C’est bien la même chose pour le Coran : je l’ai lu de bout en bout, moi ; et ainsi l’ai-je mieux lu que beaucoup de musulmans qui se cachent de n’en avoir parcouru que des extraits, fussent des centaines, un peu au hasard et au gré de leurs Imams – j’ai même souvent pris à défaut ce musulman dont je parle plus haut en lui citant de mémoire ! Mais on m’opposa encore, après mon effort, que je ne pouvais comprendre l’Islam sans avoir lu la Sunna et les Hadiths : je m’y suis refusé ; c’est un puits sans fond ! Car on viendra me dire après que j’aurais dû au moins pratiquer un peu avant de me décider, et même alors, on prétendra que je n’ai pas pratiqué suffisamment pour ressentir de cette vraie « élévation de la foi », et même alors, si je ne meurs pas en croyant, on m’arguera peut-être que… parce que le cycle n’est pas complet… je ne puis prétendre… etc.

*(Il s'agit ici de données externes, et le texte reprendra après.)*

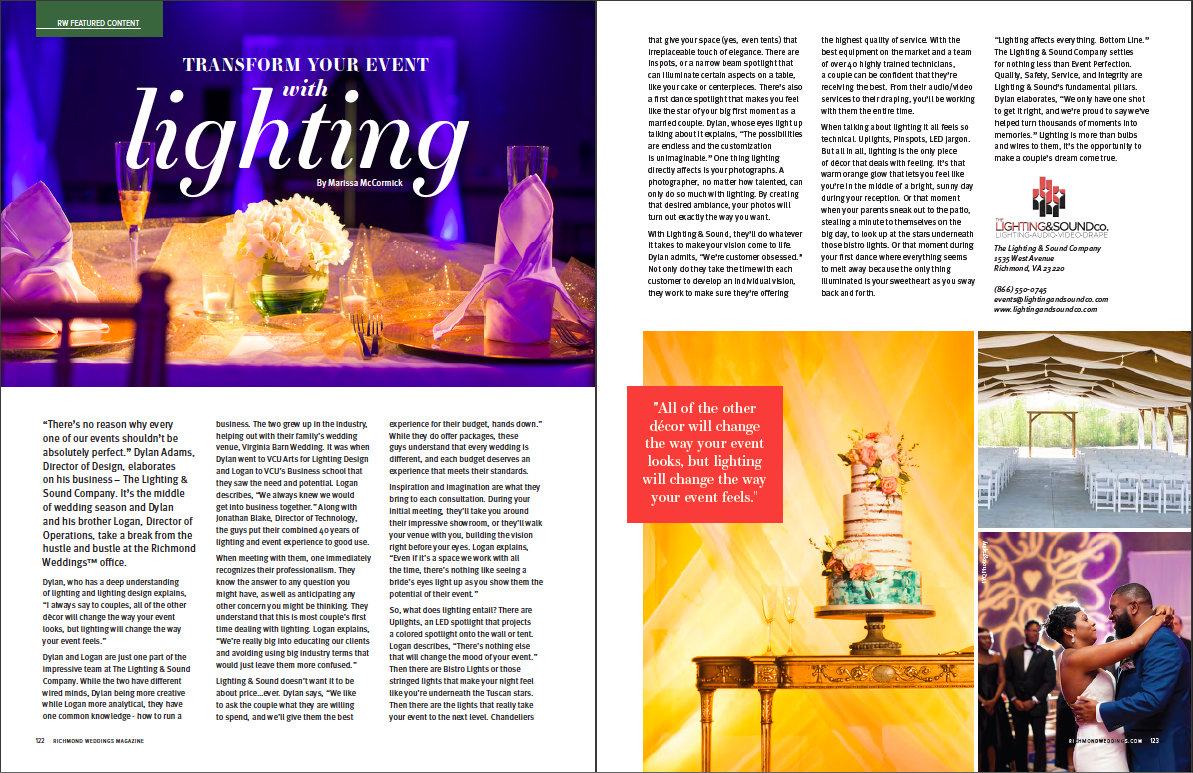“There’s no reason why every one of our events shouldn’t be absolutely perfect.” Dylan Adams, Director of Design, elaborates on his business – The Lighting & Sound Company (LSC). It’s the middle of wedding season and Dylan and his brother Logan, Director of Operations, take a break from the hustle and bustle at the Richmond Weddings™ office.
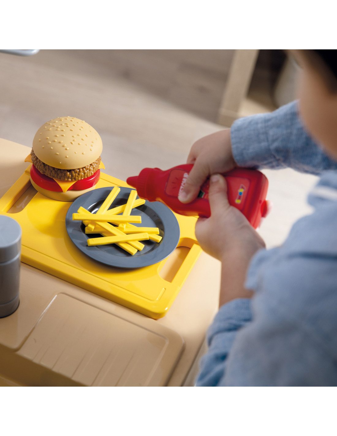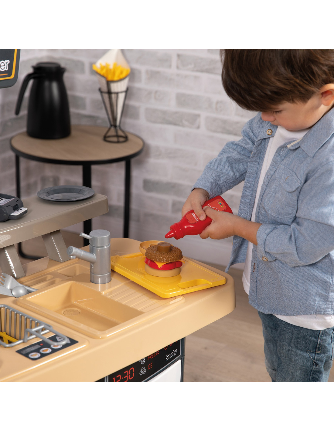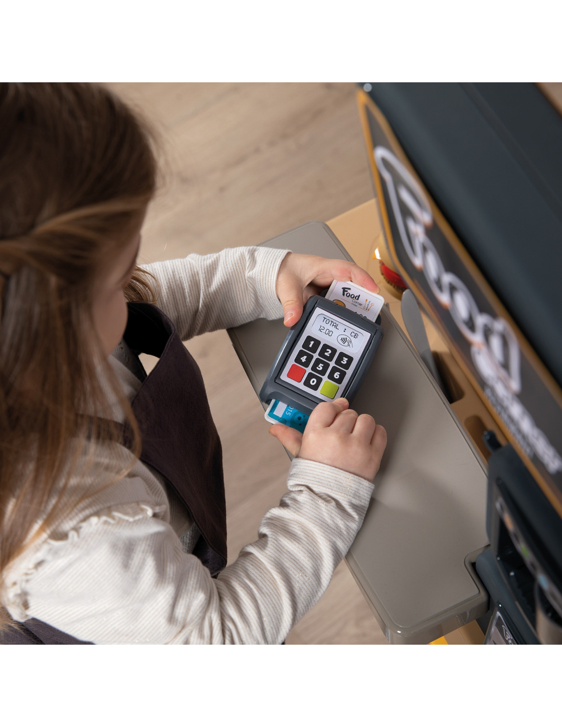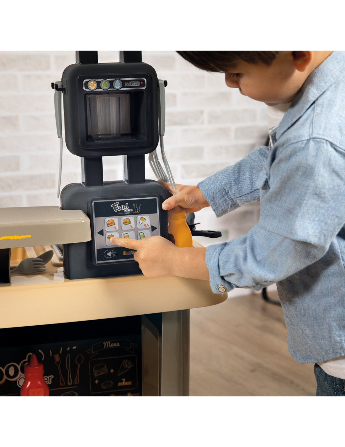 The Chef's Bar is the perfect set for children to play and role-play. It develops their imagination and teaches teamwork. It features two play areas: a food preparation area and a customer service area with a cash register and payment terminal.
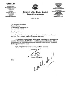 Correspondence from Congressman Tom Price, M.D. Congratulating the Honorable Judge Paul Carden

Tous ces textes ont en commun la croyance, qui est une aberration et une honte pour l’esprit humain, un aveuglement volontaire, une lâcheté et un crime moral. Tous veulent établir le péché, et ils ont besoin pour cela de créer le mal qui, autrement, n’existerait pas. C’est pourquoi ces religions consistent uniquement en l’exercice épuisant et contre nature d’une cure pour une maladie imaginaire et fabriquée de toutes pièces. Voulez-vous vous targuer d’être un grand médecin pour asseoir votre autorité folle ? Inventez donc une pathologie, et faites croire si fort en son existence que les gens soient persuadés d’en souffrir : là réside toute l’astuce méprisable des religions.